GOAL OF THE EXERCISE →
Your task is to restate the listing word for word without the pictures.

DATA SECTION →
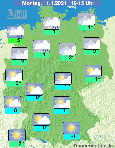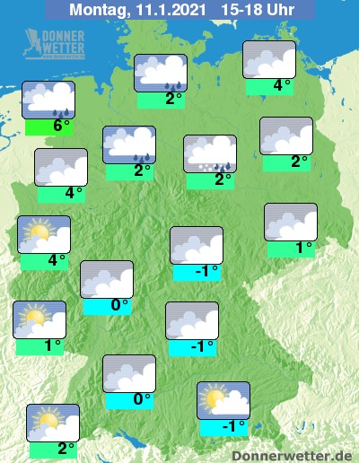 Im Norden Deutschlands bleibt der Himmel dagegen ganztägig stark bewölkt oder bedeckt und zeitweise muss mit Regen-, Schneeregen - oder Schneeschauern gerechnet werden. Örtlich besteht Glättegefahr! Es weht zudem ein starker bis stürmischer Wind, in exponierten Lagen auch Sturmböen.
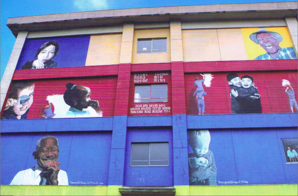 本校は、設立40周年を向かえ校舎老朽化に伴い旧校舎解体が決定となりました。旧校舎には、平成10年度より美術部や有志の手により100点以上の壁画が外壁や校舎内廊下に対して描かれております。
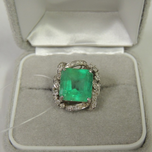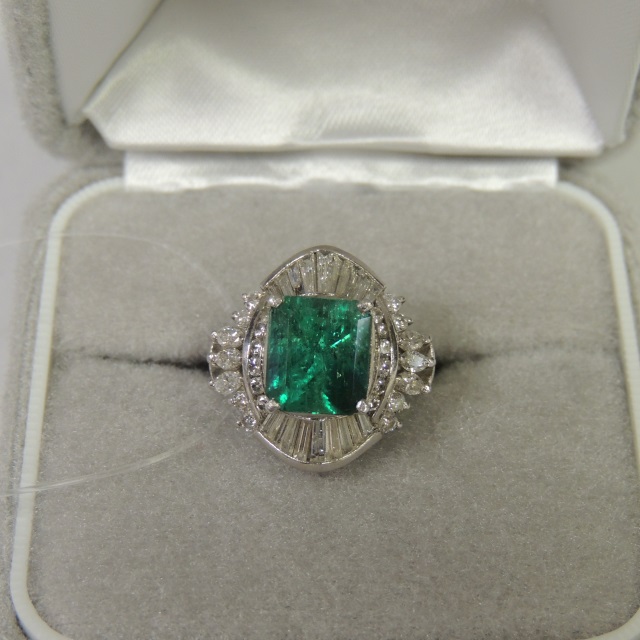 リング エメラルド ダイヤ Pt900 10.40g 中ソ 石目:E:2.84 D:1.06

OUTPUT →
 Im Norden Deutschlands bleibt der Himmel dagegen ganztägig stark bewölkt oder bedeckt und zeitweise muss mit Regen-, Schneeregen - oder Schneeschauern gerechnet werden. Örtlich besteht Glättegefahr! Es weht zudem ein starker bis stürmischer Wind, in exponierten Lagen auch Sturmböen.
 本校は、設立40周年を向かえ校舎老朽化に伴い旧校舎解体が決定となりました。旧校舎には、平成10年度より美術部や有志の手により100点以上の壁画が外壁や校舎内廊下に対して描かれております。
 リング エメラルド ダイヤ Pt900 10.40g 中ソ 石目:E:2.84 D:1.06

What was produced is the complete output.